I went in to the doctor’s appointment hoping for the best but preparing for the worst. I figured I’d made it 3 months, and if he said it was still more time on one leg, I could handle it.

The x-ray tech led me down the hall. I noted the difference between now and the first visit back in June. Then: wheeled down the hall in a wheelchair, needing help getting on the table. Now: walking with crutches, able to sit down on the table and swing my legs up.

The doctor looked at the x-rays and showed me the difference between then and now, pointing out the bone growth. It looked good, he said. The plan: over the next 2 weeks work up to 100% weight bearing, still using crutches. After 2 weeks, try going without. OK to drive at that point.

This was what I was hoping to hear.

Here’s the strange thing though: I’ve been like this now for long enough that this is what feels like normal. This is my life, on crutches. And using crutches is like … having a crutch to lean on. It’s like I have an excuse — for needing help, for moving slowly, for not doing what I am normally able to do.

Without the crutches, I’ll just be slow and lazy with no visible excuse.
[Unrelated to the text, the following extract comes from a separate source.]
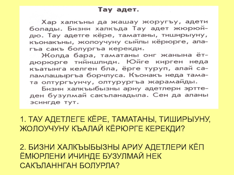 ДЕРСГЕ НИЗАМ САЛЫУ.1. ТАУ АДЕТЛЕГЕ КЁРЕ, ТАМАТАНЫ, ТИШИРЫУНУ, ЖОЛОУЧУНУ КЪАЛАЙ КЁРЮРГЕ КЕРЕКДИ?  2. БИЗНИ ХАЛКЪЫБЫЗНЫ АРИУ

I was feeling like I didn’t want to give them up. And that was a weird feeling — and quite unexpected. I can see first hand how we adapt to things that happen to us, and how the inertia and comfort in the familiar makes us resistant to change. Even if that change will likely be for the better.
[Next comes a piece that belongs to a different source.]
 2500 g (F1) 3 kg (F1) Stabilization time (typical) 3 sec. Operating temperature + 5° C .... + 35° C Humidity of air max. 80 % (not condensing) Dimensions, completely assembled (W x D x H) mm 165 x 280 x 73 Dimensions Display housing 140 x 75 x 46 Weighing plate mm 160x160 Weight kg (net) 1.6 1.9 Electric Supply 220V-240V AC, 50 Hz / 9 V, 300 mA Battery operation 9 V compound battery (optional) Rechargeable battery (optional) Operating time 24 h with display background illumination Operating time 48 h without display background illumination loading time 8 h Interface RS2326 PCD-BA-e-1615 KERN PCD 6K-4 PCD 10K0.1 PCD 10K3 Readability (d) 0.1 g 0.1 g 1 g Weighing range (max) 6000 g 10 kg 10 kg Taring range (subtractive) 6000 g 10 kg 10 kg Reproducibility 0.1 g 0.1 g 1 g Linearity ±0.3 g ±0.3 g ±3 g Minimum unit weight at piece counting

Leaving the doctor’s office I tentatively tried putting some weight on my right leg for the first time in 3 months. It felt like this:

In 24 hours it’s already gotten a bit better. The leg is still pretty wobbly, but it is a “first step”.

The other piece of good news: I asked, can I ride a stationary bike? Sure, he said. I didn’t explain that it is a time trial bike on a fluid trainer. I figured he didn’t need to know that.